• **Provided data**
□ □ □ □ □

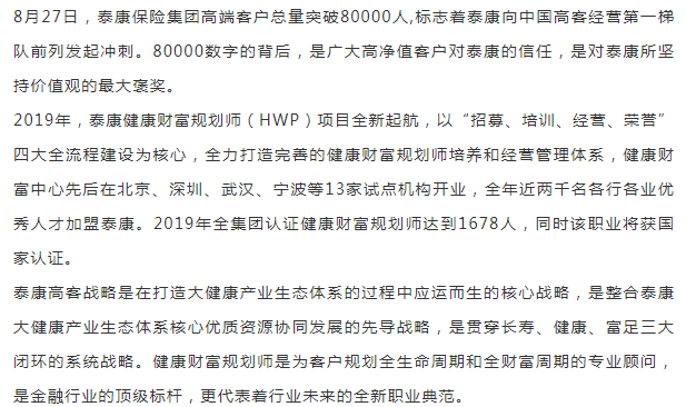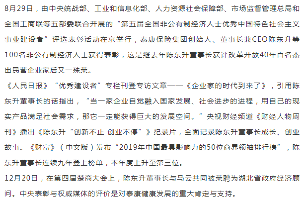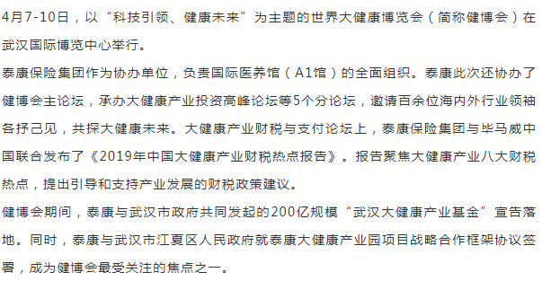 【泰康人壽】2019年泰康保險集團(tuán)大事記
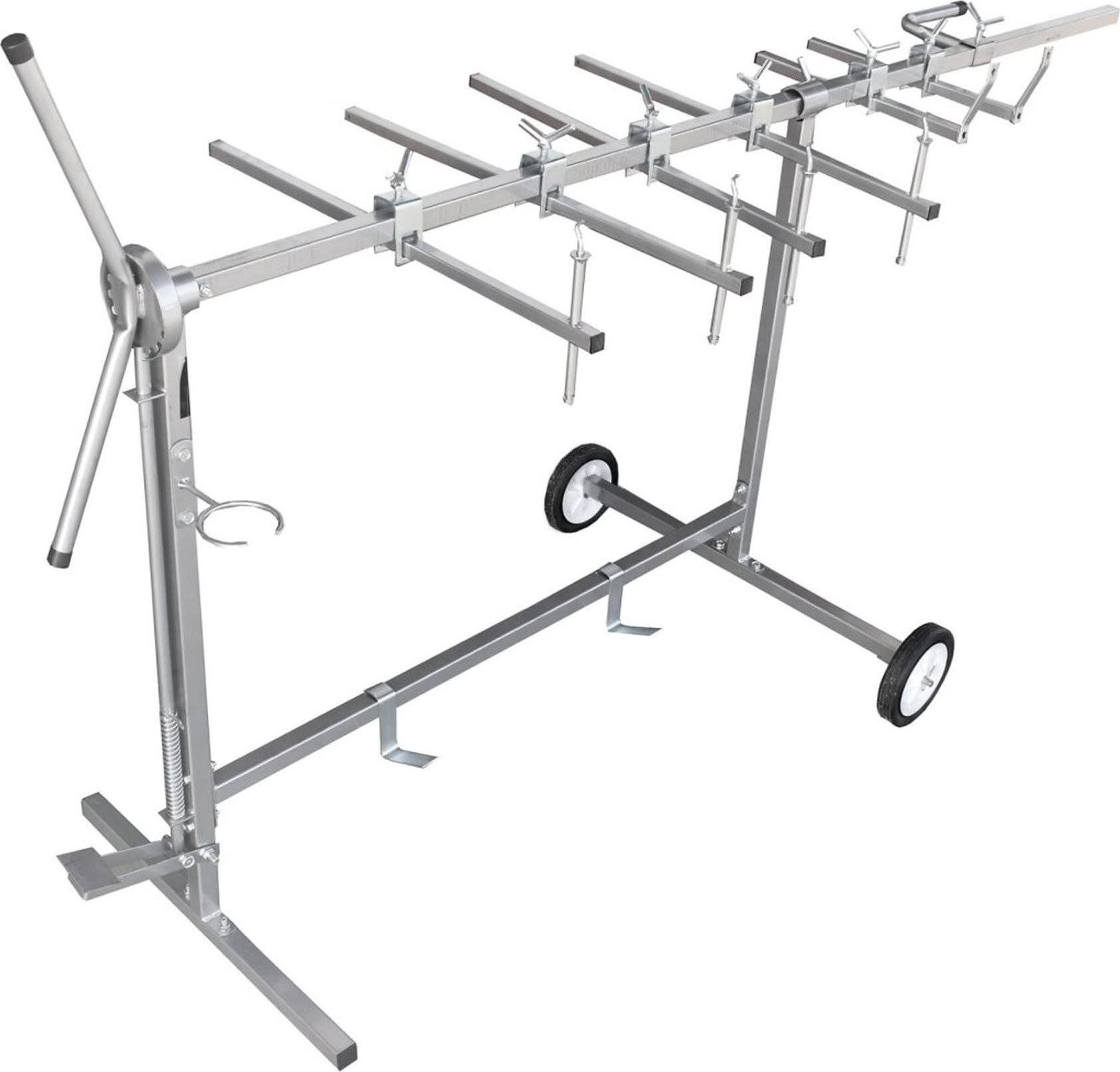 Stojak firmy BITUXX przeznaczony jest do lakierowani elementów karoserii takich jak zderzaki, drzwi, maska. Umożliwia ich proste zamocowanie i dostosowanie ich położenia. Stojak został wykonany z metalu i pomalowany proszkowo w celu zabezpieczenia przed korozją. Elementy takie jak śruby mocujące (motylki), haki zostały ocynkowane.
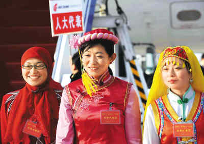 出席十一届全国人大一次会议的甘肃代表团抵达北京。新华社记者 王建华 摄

□ □ □ □ □

• **Problem statement**
Output the whole listing exactly. Pictures stay out.

• **Your solution**
 【泰康人壽】2019年泰康保險集團(tuán)大事記
 Stojak firmy BITUXX przeznaczony jest do lakierowani elementów karoserii takich jak zderzaki, drzwi, maska. Umożliwia ich proste zamocowanie i dostosowanie ich położenia. Stojak został wykonany z metalu i pomalowany proszkowo w celu zabezpieczenia przed korozją. Elementy takie jak śruby mocujące (motylki), haki zostały ocynkowane.
 出席十一届全国人大一次会议的甘肃代表团抵达北京。新华社记者 王建华 摄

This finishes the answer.